You have a car accident

A natural disaster impacts your life

Life is filled with unexpected surprises. Learning your fiancé is pregnant and you are not the Father would be one of those unexpected and unpleasant surprises! That is the story we focus on today. The story of Joseph.

18 This is how Jesus the Messiah was born. His mother, Mary, was engaged to be married to Joseph. But before the marriage took place, while she was still a virgin, she became pregnant through the power of the Holy Spirit. 19 Joseph, her fiancé, was a good man and did not want to disgrace her publicly, so he decided to break the engagement quietly.

20 As he considered this, an angel of the Lord appeared to him in a dream. “Joseph, son of David,” the angel said, “do not be afraid to take Mary as your wife. For the child within her was conceived by the Holy Spirit. 21 And she will have a son, and you are to name him Jesus, for he will save his people from their sins.”

22 All of this occurred to fulfill the Lord’s message through his prophet:

23 “Look! The virgin will conceive a child!

She will give birth to a son,

and they will call him Immanuel,

which means ‘God is with us.’ ”

24 When Joseph woke up, he did as the angel of the Lord commanded and took Mary as his wife. 25 But he did not have sexual relations with her until her son was born. And Joseph named him Jesus. (Matthew 1:18-25)

Joseph’s Test

We don’t know a great deal about Joseph. We have his genealogy in the first verses of Matthew but that is all we know. From later in the gospels we learn that Joseph was a carpenter by trade.

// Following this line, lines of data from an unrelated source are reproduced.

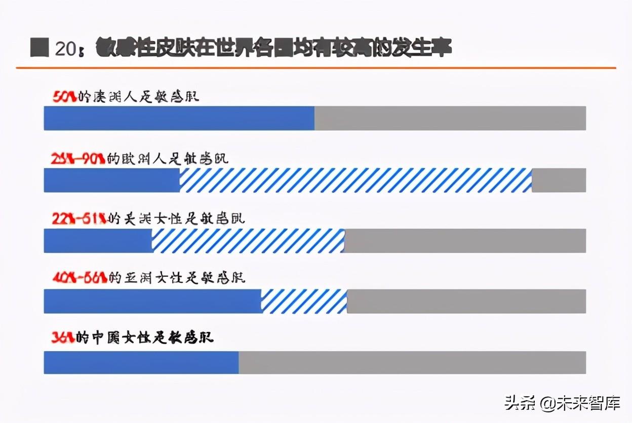 多因素引發(fā)各國敏感肌發(fā)生率較高,疫情期間戴口罩加重皮膚問題。由于調查方法不 同,各地報道的發(fā)生率差異較大,歐洲為 25.4%~89.9%,澳洲為 50%;女性普遍高于男性, 美洲女性為 22.3%~50.9%,亞洲女性為 40%~55.98%,其中我國女性為 36.1%。受環(huán)境、氣 候、壓力、刺激性食物等多因素影響,我國敏感肌發(fā)生率居高,整體而言,超過七成的敏 感肌女性其肌膚敏感程度處于弱度或輕度,通過日常保養(yǎng)護膚就可以對敏感肌進行改良, 另一方面有近三成的敏感肌女性肌膚問題較為嚴重,已出現紅腫/發(fā)炎等敏感表現。自疫情 爆發(fā)以來,佩戴口罩已經成為大眾的習慣,超六成消費者佩戴口罩后發(fā)現皮膚過敏、致痘、 毛孔粗大等癥狀,其中女性受困擾比例更高。
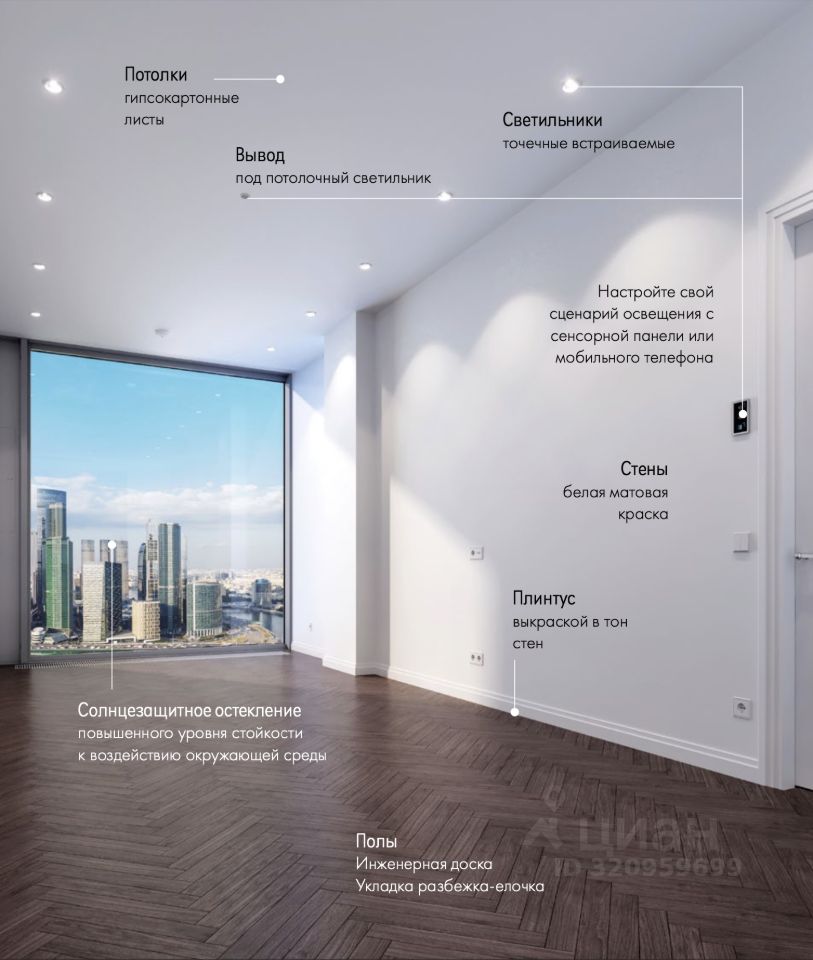 • Пол: гостиная зона, жилые комнаты — инженерная доска; санузел, кухня, коридор — керамогранит
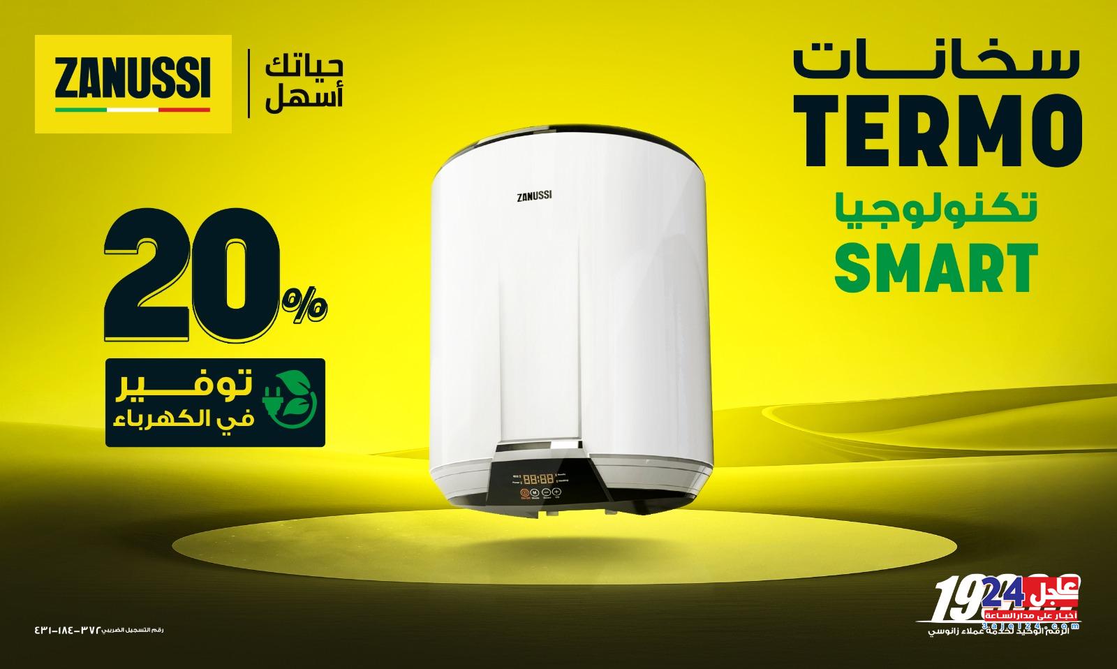 وتوفر السخانات الجديدة من نوع”Termo” ما يقارب 20% من استهلاك الطاقة الكهربائية، بالإضافة إلى Max Guard خاصية التطهير الحراري المضاد لانتشار البكتريا و الجراثيم وهو ما يجعلها الخيار الأمثل للأسر التي تبحث عن كفاءة استهلاك الطاقة بالإضافة إلى الأداء القوي الذي تمتاز به كافة أجهزة زانوسي.
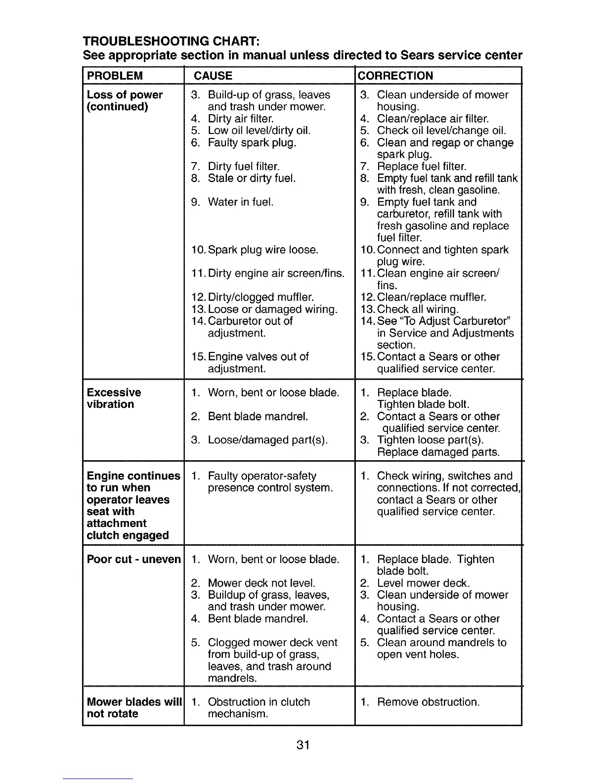See appropriate section in manual unless directed to Sears service center
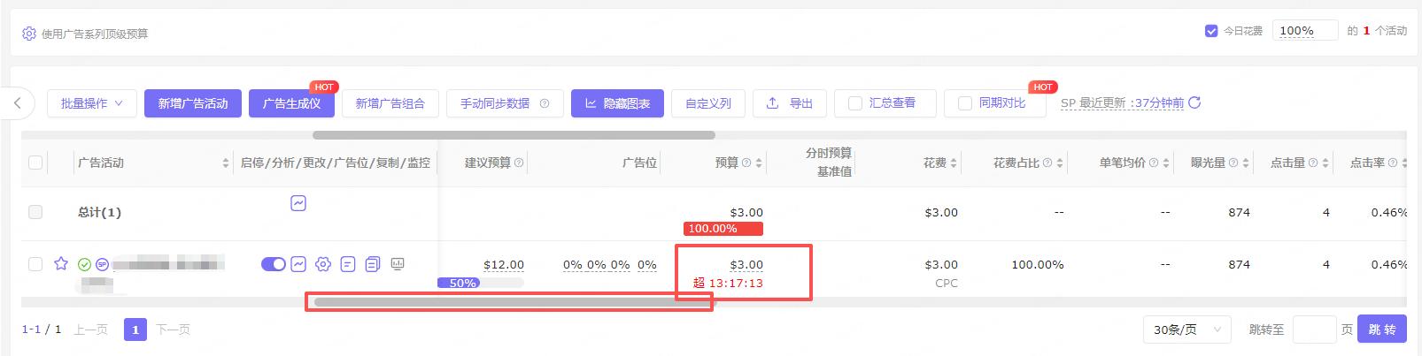 优麦云广告管理里的广告活动,在“今日花费100 %的活动”前打对号,页面就会显示出来已经超预算的广告活动,向右拉动至预算那一列,可以看到该广告活动在13:17:13的时候就已经超预算了。

Last week I reminded you that an engagement in Bible days was different from an engagement today. We don’t know whether Joseph and Mary were “attracted” to each other or whether the marriage was arranged by parents. We see both scenarios in the Bible. There are times when parents chose a mate and there were times when a man was attracted to a woman and asked his parents to arrange a marriage (Jacob, Samson). Either way, the betrothal or engagement was legally binding. Often the engaged couple were referred to as husband and wife.

We really don’t know much about the relationship between Mary and Joseph. What we do know is word of Mary’s pregnancy (when Joseph knew he was not the father) would have impacted Joseph deeply. Notice that he was considering how to respond to the pregnancy BEFORE the angel appeared to him. I wonder, did Mary tell Joseph in person or was the news relayed to him by other sources?

Imagine what that time in between learning of Mary’s pregnancy and the appearance of the angel must have been like. Even if he had yet to have strong feelings for Mary there would be the public embarrassment, betrayal and humiliation. If he had strong feelings for Mary it would have been even more heart breaking. There would be a sense of profound personal rejection.

Jason Gray captures the agony in his Christmas song, Forgiveness is a Miracle”

Love can draw a dream out of the darkness

And blow every door open wide

But love can leave you brokenhearted

Did she dare to look you in the eye

Did her betrayal leave you raging?

Did you let her see you cry

When she said the child was not your baby?

Pain can turn to anger then to vengeance

It happens time and again

Even in the best of men

It takes a miracle to save us

 When love is like an open wound

There’s no way to stop the bleeding

Did you lose sleep over what to do?

Between what’s just and what brings healing

We are told: “Joseph, her fiancé, was a good man and did not want to disgrace her publicly, so he decided to break the engagement quietly.”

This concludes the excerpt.